Our mother can still indicate her preferences and knows who we are. According to her lawyer, she can't change the trust, but she can change her will.

Due to the behavior of my siblings towards her, she has repeatedly stated that they should not receive “a cent” from her estate. She would need help to grant that wish.

I am torn. Should i help her? I don't blame her for her feelings. It seems obvious what they are really looking for is their estate. They didn't let me near them for almost a year because they knew we were always close. They also conspired to have me write from their wills. Fortunately, her lawyer realized her undue influence and refused to do so.

I estimate she's already spent $ 100,000 in legal and guardianship fees to protect herself from that.

What should I do? The whole thing is heartbreaking.

The remaining child

You can email The Moneyist with financial and ethical issues related to the coronavirus to qfottrell@marketwatch.com and follow Quentin Fottrell on Twitter.

Dear rest,

What you propose is not impossible, but you are playing a high stakes game. Just be aware that you would face further litigation and allegations that you were inappropriately influencing your mother – something you have claimed your siblings tried to do in the past. I do not doubt your intention or your story. I'm just giving you an early warning of the turbulence that might lie ahead. Even so, despite your mother's diagnosis, what you propose is not impossible.

If your mother wants to change her will and you want to help her, you must first demonstrate your mother's "testamentary ability" to make such changes. She needs to understand what it means and what impact it will have – in this case, disinheriting her other legal heirs. It must also understand the full nature of its assets and their value. Your mother would likely need to provide a reason for these changes as well. It can't be easy.

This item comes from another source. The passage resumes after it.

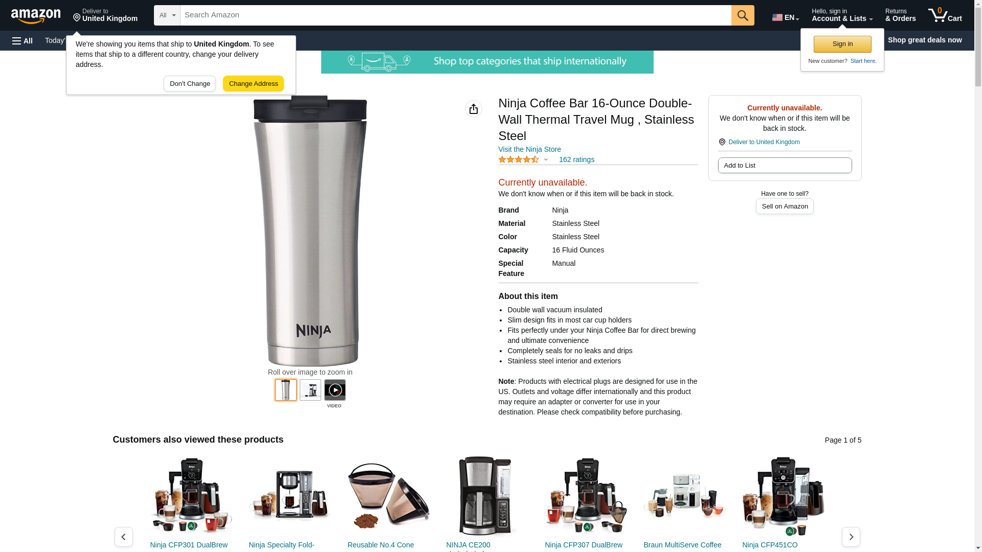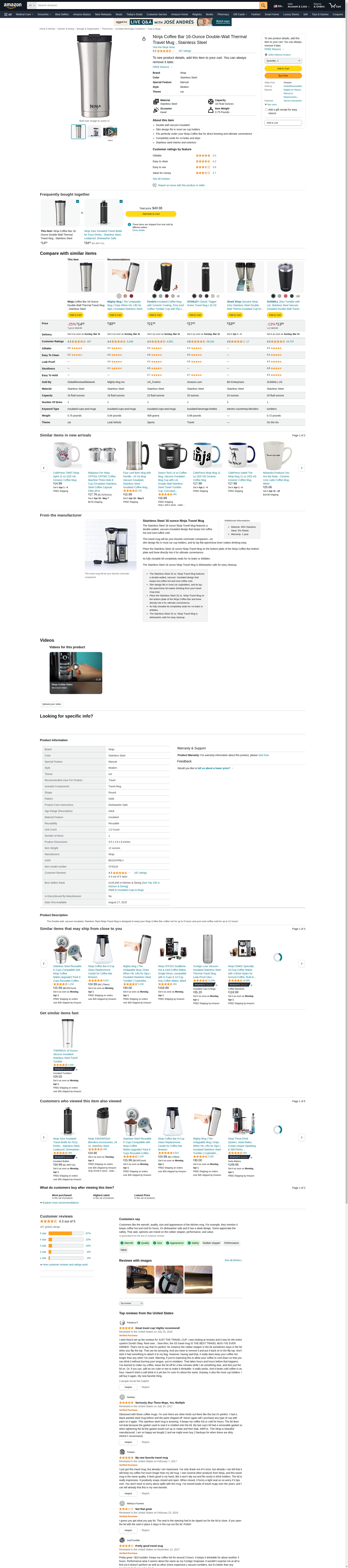 Ninja Coffee Bar 16-Ounce Double-Wall Thermal Travel Mug , Stainless Steel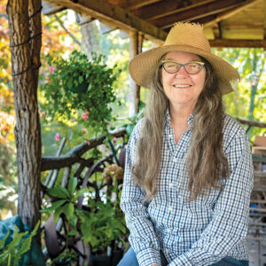 From her porch, Owen can look out at her native pawpaw trees and beyond to the mountains that frame her Lily Patch Farm. photograph by Charles Harris

They do not provide details of the nature of the current litigation, but I do assume that your siblings tried to gain control of your mother's trust and estate and challenged the existing conservatism. This is not an unusual sequence of events when siblings are at war and when a sick parent owns a sizable estate. In order to prove the ability to testify, you need to access medical records and seek the help of doctors, nurses, psychiatrists and / or neurologists.

precedent

Each case is unique, but there is a legal precedent for a family member who has unsuccessfully attempted to overthrow a claimant posthumously. Timothy Gallagher, an attorney with Reminger Attorneys at Law, cited the Webb v. Anderson Children Trust et al., 2020 where a sister sued her brother over her mother's individual retirement account (IRA). The sister claimed that her mother was unable to make changes due to recently diagnosed dementia.

In this case, the brother had his mother do two separate psychological exams. "The court found that the sister has not proven that the mother was unable to change the IRA beneficiaries," writes Gallagher. "The mere fact of being diagnosed with dementia was not enough to show a lack of performance, and the financial advisor's statement was that the mother was strong and confident when she made the move in 2009."

You and your mother will have to weigh how much you care about the disinheritance of your children, taking into account their mental and emotional state. You will invite more conflict into your life. Such legal proceedings often take years and can rake in hundreds of thousands of dollars, if not more, in legal fees.

I clearly don't know all of the facts on this case, or both sides of the story. With this in mind, and in good faith, I urge you to be meticulous and careful.